Мы сидим с Мариулой на моей полке, ужинаем, и она говорит мне:
— Я к тебе и завтра приду.
— Конечно, придешь.
— Я не хочу ехать в Чернигов… — помолчав, вдруг признается Мариула, и на ее худеньком смуглом личике я вижу такую взрослую тоску.
— Не хочешь? Почему?
— Баба не хочет, чтоб я у нее жила. А я хочу… — В черных глазах Мариулы закипают слезы.
— Так ты же к маме едешь. Мама будет тебя жалеть.
— Не будет… — качает головой Мариула, сдерживаясь, чтоб не заплакать. — Она теперь жалеет Николая… Ему всего один годик, — поднимает она палец.
— Ой, один годик!.. — деланным весельем пытаюсь я утишить боль в маленьком сердце.

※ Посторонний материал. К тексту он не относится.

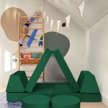 **Unleash your child's creativity** with a versatile design that consists of four foldable seats, two supporting back cushions, and two wonderfully soft round cushions. Children can transform these pieces into anything from a cozy fort to a rocket ship or even two chairs for climbing and playing. This sofa encourages active play and exploration, developing both imaginative skills and motor coordination.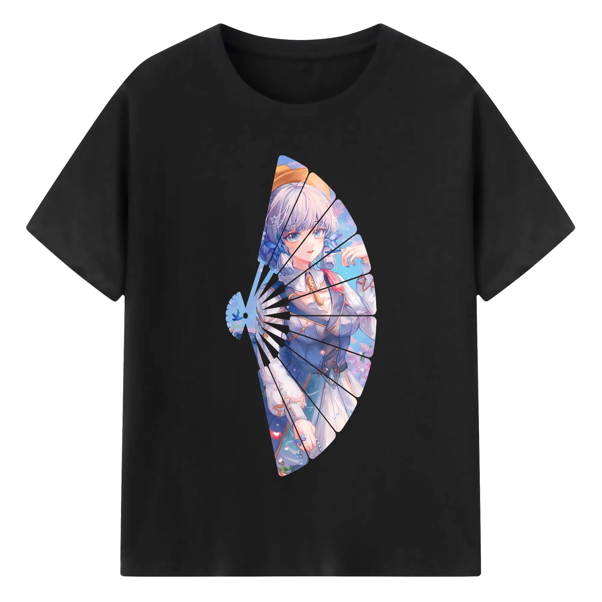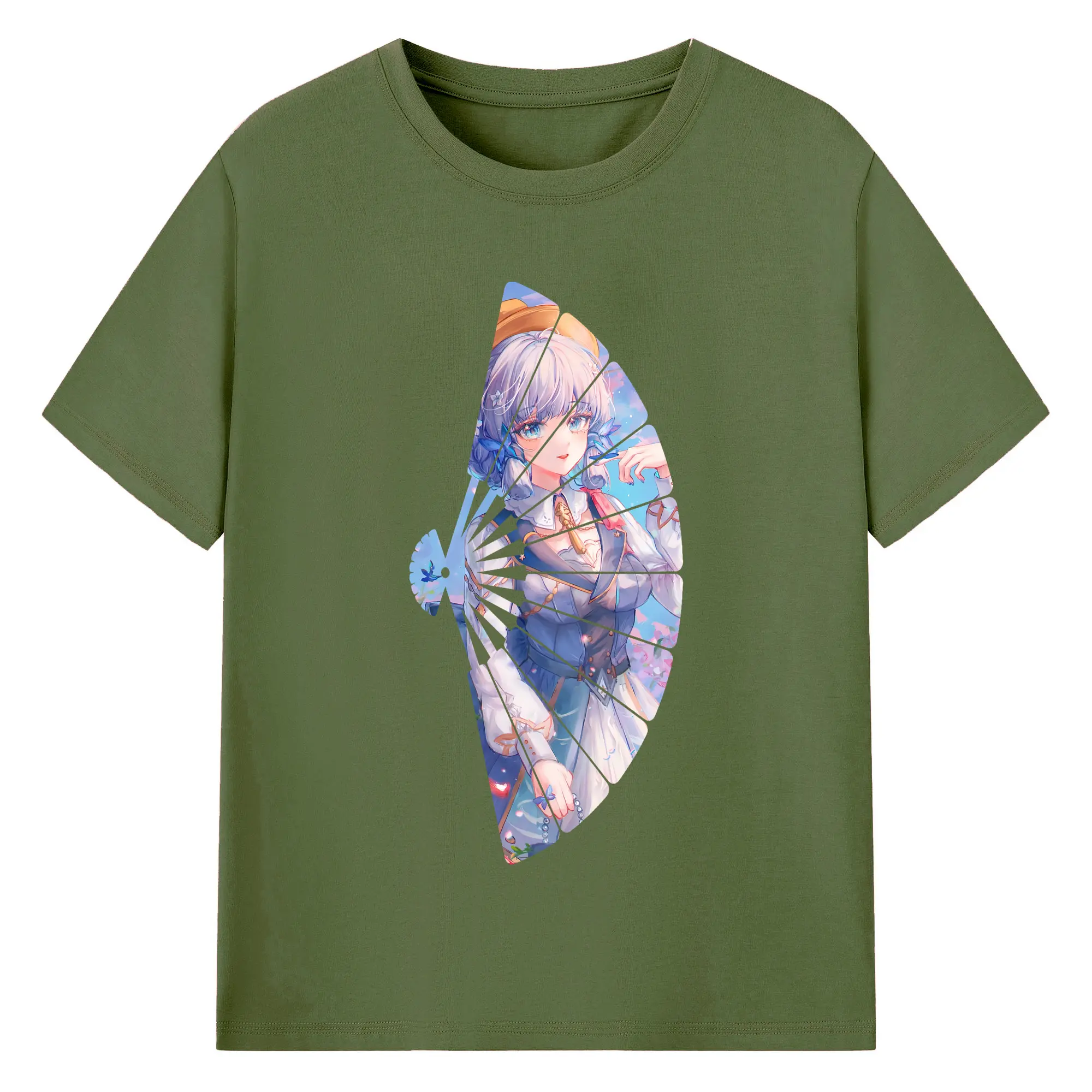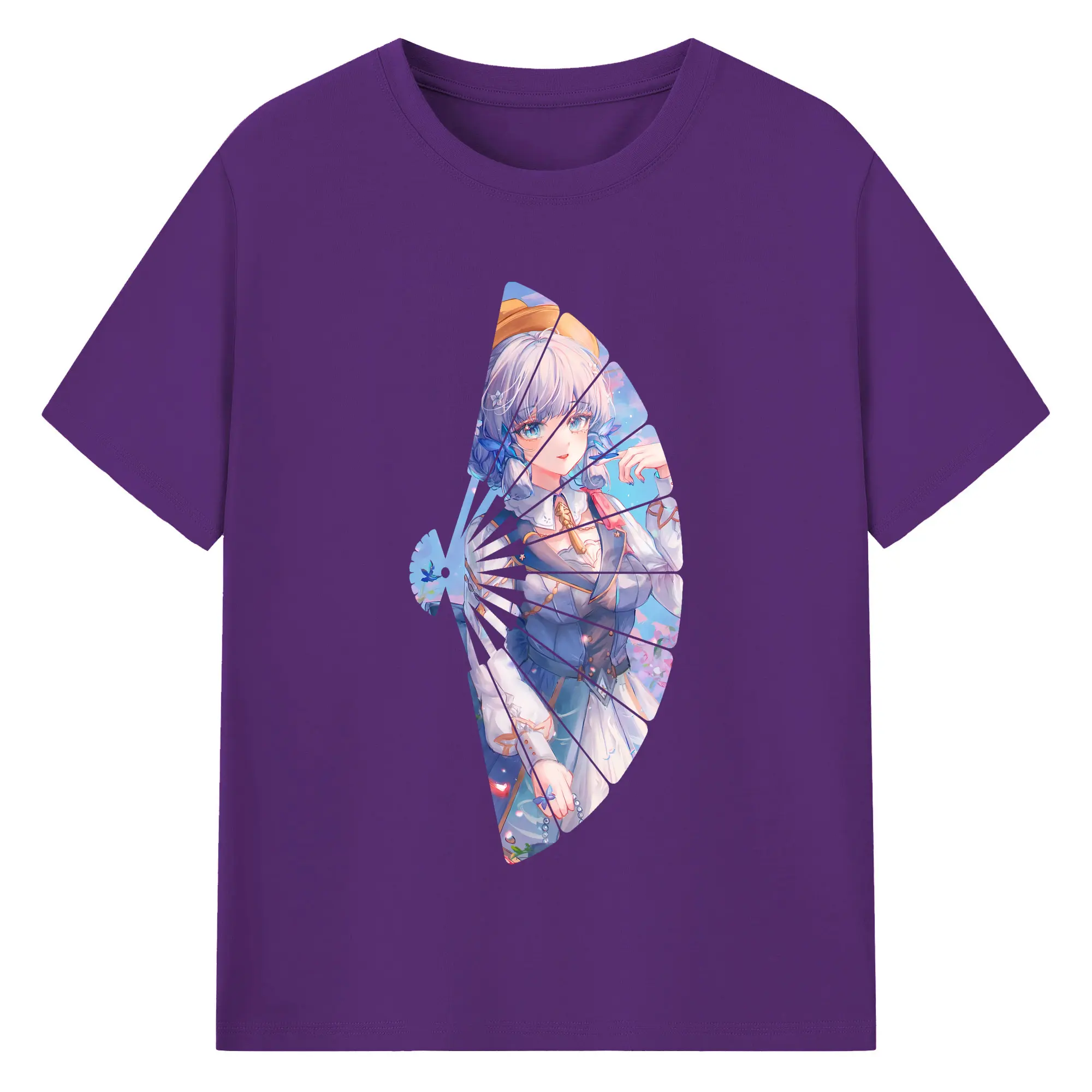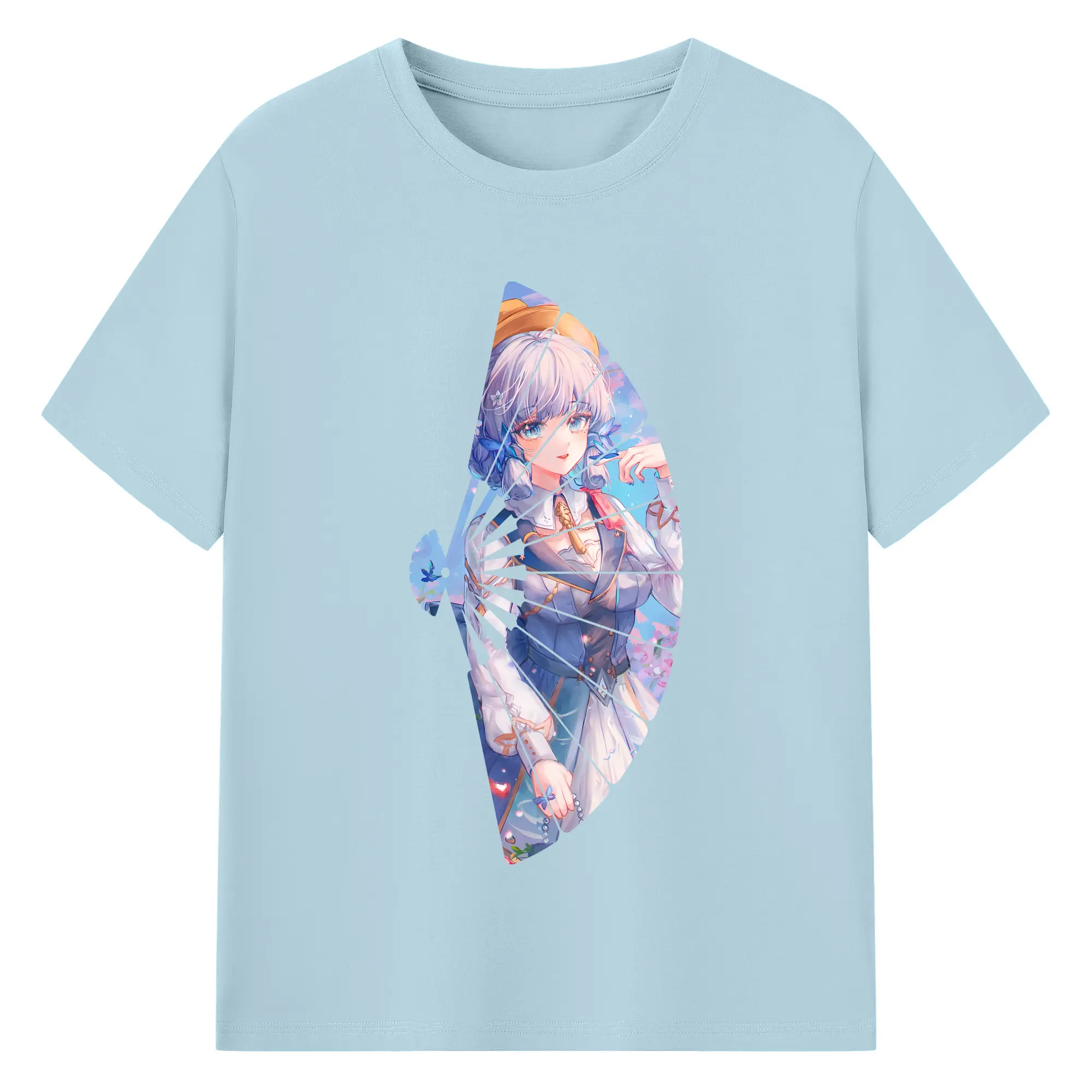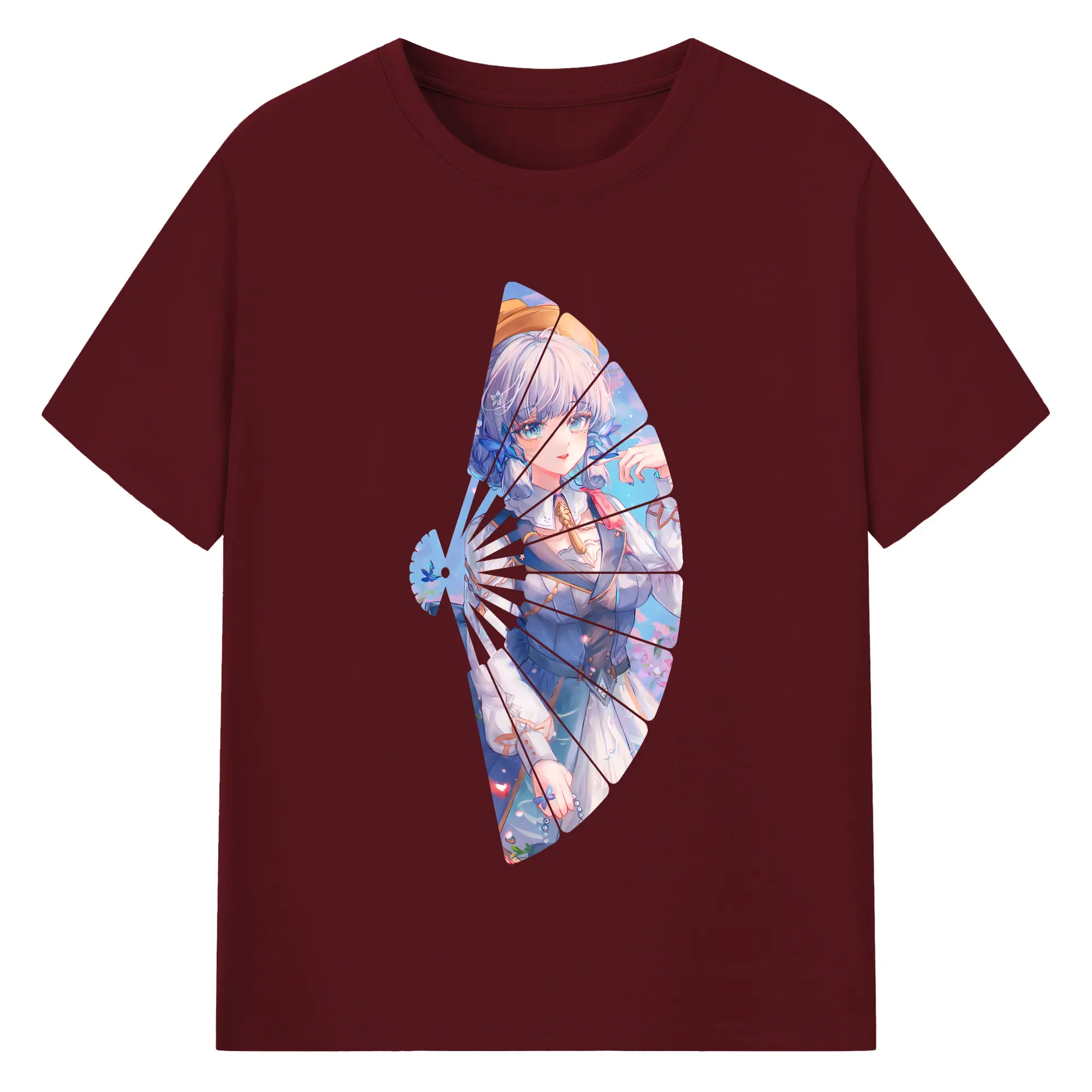 原 神 グッズ 神里綾華 - 綿100% 半袖Tシャツ ・ バックプリント ・ 快適 通気性 ・ 日常使い 散歩 スポーツ用

— Николая все будут жалеть, — стоит на своем Мариула. — И мама. И…
Она не научилась еще звать папой чужого ей отца Николая. Ей придется привыкать называть его так. Она и думать еще об этом не умеет. Только чувствует сейчас, в этом поезде, который везет ее из Симферополя в Чернигов, что некому ее будет жалеть, хотя там и живут ее мама и маленький брат Николай, которому всего один лишь годик, и его отец…
Дитя человеческое.
Худенькая грустная цыганочка.
Она так доверчиво клонится к руке, приласкавшей ее, так ищет сочувствия в моих глазах, в голосе.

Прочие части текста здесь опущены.